Two of the decisions you make with your potted plants will affect their future more than almost anything else: the container and soil you plant them into. This five-part guide will lead you through the process of how to select soil and containers that will help your plants thrive.

Step 1: Pick a Container Size

The first thing to consider when choosing a plant container is the plant’s needs in terms of root volume and growth pattern. Will it send out deep roots, or does it root more superficially? Are you planting only one plant in a container or making a planting arrangement? Base the container size on the size of a plant’s roots. For multiple plants in one container, choose something that is wide and deep enough for them all.

Container and Soil Selection
Step 2: Choose a Container Material

From traditional terra cotta to repurposed decorative metal boxes, almost anything that holds soil can be used as a plant container. But different materials have different properties. Terra cotta is very porous, and soil will dry out more quickly in these pots than in glazed ceramics. It also doesn’t hold up well to weather and is better for indoor plants. Plastic and resin are light, durable, retain moisture well and come in many shapes and sizes. Metal containers are chic, but may be prone to rust and often lack drainage. For aesthetics, you can place one container inside another, such as a wicker basket or a vintage hatbox.

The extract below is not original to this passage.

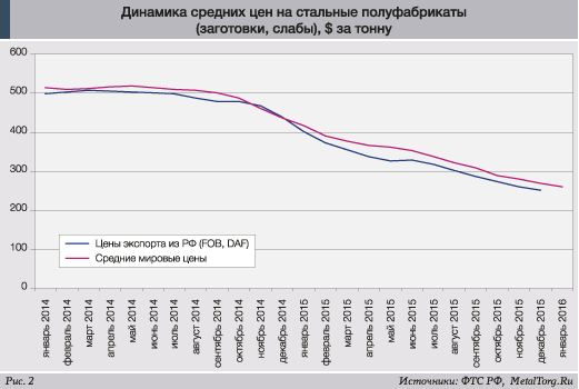 Причем в российском экспорте стальной продукции доля последнего вида продолжила свой рост. По итогам 2015 года, по данным ФТС РФ, она достигла ровно трети по тоннажу. Сам объем экспорта полуфабрикатов при этом вырос на 8,4%, до 1,464 млн т. Однако суммарная стоимость этих поставок из РФ за год, наоборот, снизилась на 29,6%, до $4,637 млрд. Причем ни о каком демпинге здесь речи не идет – экспорт, с учетом стоимости доставки, шел по вполне конкурентным мировым ценам (рис. 2).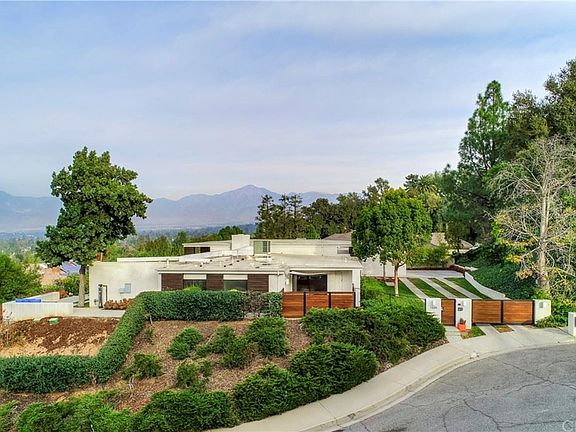 The pinnacle of upscale elegance is set high up in the hills of a quiet cul de sac in Smiley Heights in South Redlands. Experience panoramic views of the valley below and the dazzling sunsets from this impressive 5BR+office/5BA estate. This single-story timeless modern 3,911sf estate was completely remodeled down to the studs in 2011 by renowned Hollywood Hills architect, Marc Whipple. Seamless walnut flooring throughout gently guides you toward the Italian kitchen cabinets and vent hood by Poliform Vareena. There are 3 separate SubZero refrigerators including a wine refrigerator with 2 beverage drawers, Miele appliances including 2 dishwashers, 2 convection ovens with on/off timers, an induction cooktop stove with timers, and a plumbed coffee system. More than 50 feet of floor to ceiling oversized Fleetwood sliders offers unobstructed city and mountain views and access to truly seamless indoor/outdoor living. Gather friends and family around the gentle roar of the fireplace grounded by Italian natural stone surrounding. Play your favorite music through the built-in speakers that transition from indoors to outdoors. Functional and intricate landscaping line the yard with lush rolling grassy knolls highlighting the illuminated staircase. The lap pool and spa are dazzling and span almost the entire length of the house. The opulent owner's suite will become your next hidden escape with sliders accessing the backyard and an oversized glamorous closet. The attached ensuite exudes a spa-like oasis with hand-selected Italian stone, a deep soaking tub and huge shower. Each of the remaining bedrooms have been well-appointed with views of the surroundings and large closets. The entire estate is secured by IPE wooden gates and fencing, with a commercial-grade DKS Doorking intercom system for added security. Notable property highlights include custom-made blinds by the Shade Store with motorization in the main bedroom, floor to ceiling walnut interior doors, a whole house water filtration system, 2 separate HVAC zones, 160 plus square commercial-grade recessed lights, commercial-grade linear vents throughout and much more. This legacy estate is located just minutes from the Redlands Community Hospital, Loma Linda University, Burrage Mansion, and a convenient commute to downtown LA, the sandy shores of Long Beach, Huntington Beach, and Newport Beach. There is no better way to start the new year than by establishing a legacy with this truly special property.

Container and Soil Selection
Step 3: Select a Container Type

Containers come in every shape and size, from tall and cylindrical to wide and bowl-like. You can find collections of succulents or cacti sold in wide, shallow containers — ideal for these shallow-rooted, drought-tolerant plants. Deeper containers are good for plants that need to stay moist, and self-watering pots are even better. Hanging pots are stylish but dry out quickly.

Container and Soil Selection
Step 4: Ensure Drainage

Good drainage is critical to plant health, because roots need access to oxygen. Any repurposed container that lacks drain holes needs to be either drilled, or the bottom needs to be filled with several inches of activated charcoal beneath the soil to assist with drainage. Ideally, plant roots will get the oxygen they need through a combination of well-drained soil, sensible watering techniques, and adequate bottom-of-the-container drainage.

Container and Soil Selection
Step 5: Decide on a Soil Type

Plants need soil that can hold high levels of nutrients in the root zone, retaining sufficient moisture while allowing roots to breathe. There are many different commercial mixes designed for specific types of plants; using a soil mix that is suited to the plant you are potting is important. Pay attention to a plant’s ideal PH range and specific drainage needs when choosing soil. You can also make your own tailored soil blend, using a combination of peat moss, perlite, sand, vermiculite, and an organic compost. Coconut coir can also be used instead of peat moss. It might seem like a lot of fuss, but taking the time to select or create the right type of soil for your plant will pay off in the end.

Container and Soil Selection

These five simple steps are an easy way to give potted plants the best start in life. A little work in the beginning can ensure a long, beautiful relationship with your plants.